The first amendment likely to get a floor vote, and which would provide a further clue about the state of the security bloc, would be one that seeks a smaller Overseas Contingency Fund than the level approved by the House Appropriations Committee.
The bipartisan measure would cut the Appropriations Committee’s proposed $85.8 billion contingency fund by $3.5 billion “to better correspond with the president’s request.” The White House sought a war-funding measure $1.5 billion smaller than the committee approved.
The measure is being pushed by House Budget Committee Ranking Member Rep. Chris Van Hollen, D-Md., and tea party Republican Rep. Mick Mulvaney of South Carolina, along with Reps. Mike Coffman, R-Colo., and Patrick Murphy, D-Fla.
The main event of the appropriations floor process will come late Wednesday afternoon when the House will take up amendments to limit the National Security Agency’s controversial spying program, limit US aid to Egypt and place strings on dollars eligible for use to pay for a Syria military intervention.

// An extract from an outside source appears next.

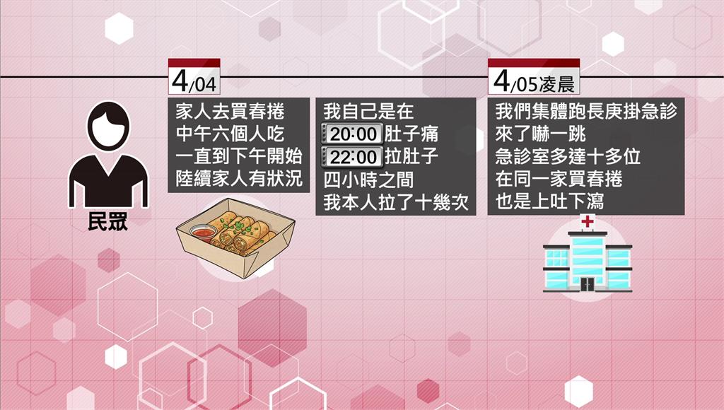 有民眾在網路上發文抱怨,4日家人去買春捲,中午6人吃後,下午開始陸續出現不適,自己更是在4小時內就腹瀉了10多次,5日凌晨6人更集體跑去長庚掛急診。原PO還發現急診室內十多位民眾也是在同一家買春捲,上吐下瀉就醫。

One being pushed by Rep. Richard Nugent, R-Fla., proposes that none of the funds appropriated in the final fiscal 2014 defense spending bill could be “used by the NSA to target a US person or acquire and store the content of a US person’s communications, including phone calls and emails,” according to a summary of the amendments released Monday evening by the office of House Majority Leader Rep. Eric Cantor, R-Va.

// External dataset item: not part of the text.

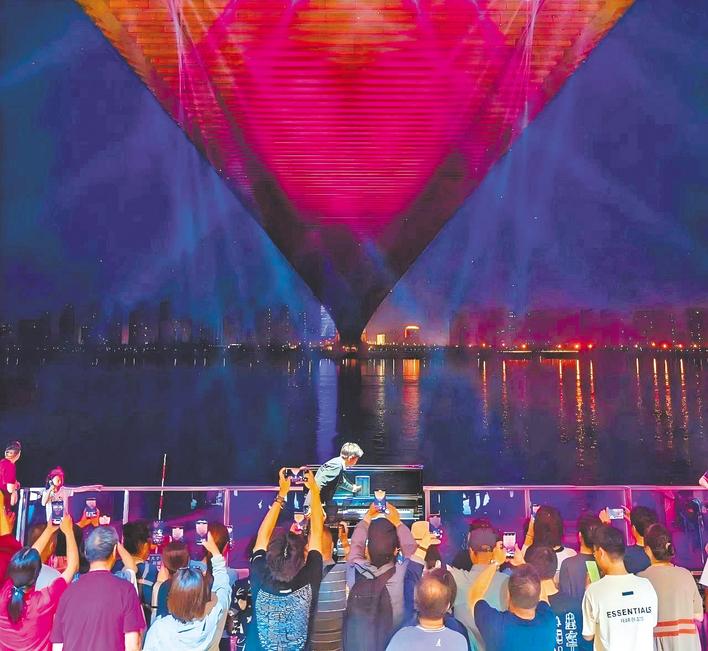 5月16日,仅靠一个背影刷屏朋友圈的“海上钢琴师”重新现身杨泗港大桥下,为即将开放的“江影·杨泗港城市灯光音乐社”彩排预演。
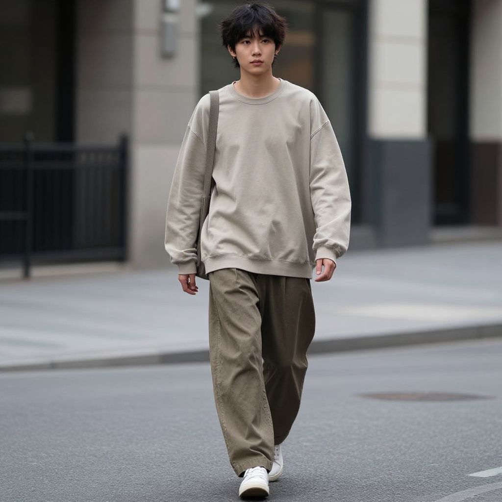 Photograph of an Asian man with short, dark, slightly messy hair, walking down a city street. He wears a loose, beige sweatshirt with subtle white stripes on the sleeves, and loose, olive-green pants. His white sneakers stand out against the gray pavement. The background features blurred urban architecture with dark windows and a black metal fence on the left. The man's expression is neutral, and he walks with a relaxed stride. The overall color palette is muted, with beige, olive-green, and gray tones dominating the image.

Another proposes to end what it calls the “authority for the blanket collection of records under the Patriot Act,” as well as proposing to bar the NSA and other agencies from “using Section 215 of the Patriot Act to collect records, including telephone call records, that pertain to persons who are not subject to an investigation under Section 215.”
It is being pushed by conservative GOP Rep. Justin Amash of Michigan, liberal Democratic Rep. John Conyers of Michigan and other members.
Senate Intelligence Committee Chairwoman Sen. Dianne Feinstein, D-Calif., and Ranking Member Sen. Saxby Chambliss, R-Ga., are lobbying against the NSA amendment.
“The [Foreign Intelligence Surveillance Act] business records program has contributed to disrupting numerous terrorist attacks against our nation. It has been reviewed and authorized by all three branches of government and is subject to strict controls,” the two said in a joint statement. “Since the public disclosure of the business records program, the Senate Select Committee on Intelligence has explored how the program can be modified to add extra privacy protections without sacrificing its effectiveness.
Senior NSA officials met with House members Tuesday to lobby against the amendments.
Another Amash amendment targets US aid dollars to Cairo. This one proposes that no funds from the 2014 defense appropriations bill be used to pay for “military or paramilitary operations in Egypt,” and is co-sponsored by Rep. Ted Yoho, R-Fla.
House members also will get a chance to weigh in publicly about a possible US military mission in Syria when they vote on an amendment offered by Rep. Trey Radel, R-Ohio. That measure would prohibit “the use of any funds with respect to military action in Syria to the extent such action would be inconsistent with the War Powers Resolution.”
GOP House members clashed with President Barack Obama in 2010 over the Libya operation, claiming Obama ignored the decades-old law when he plunged American forces into that nation’s civil conflict.
The vote will come days after interventionist Sens. John McCain, R-Ariz., and Lindsey Graham, R-S.C., told reporters Syrian President Bashar al-Assad’s forces have the upper hand against rebel forces.
McCain dismissed a gloomy forecast about the success of a US intervention provided by Joint Chiefs Chairman Gen. Martin Dempsey, saying an American mission could work.
“Of course, [Dempsey’s] answers [are] most disappointing because it has nothing to do with the realities of the challenges we face. He basically describes a scenario where it’s impossible to intervene, and that’s not true,” McCain told reporters. “The status quo is not acceptable, and that is that Bashar al-Assad is winning this battle.”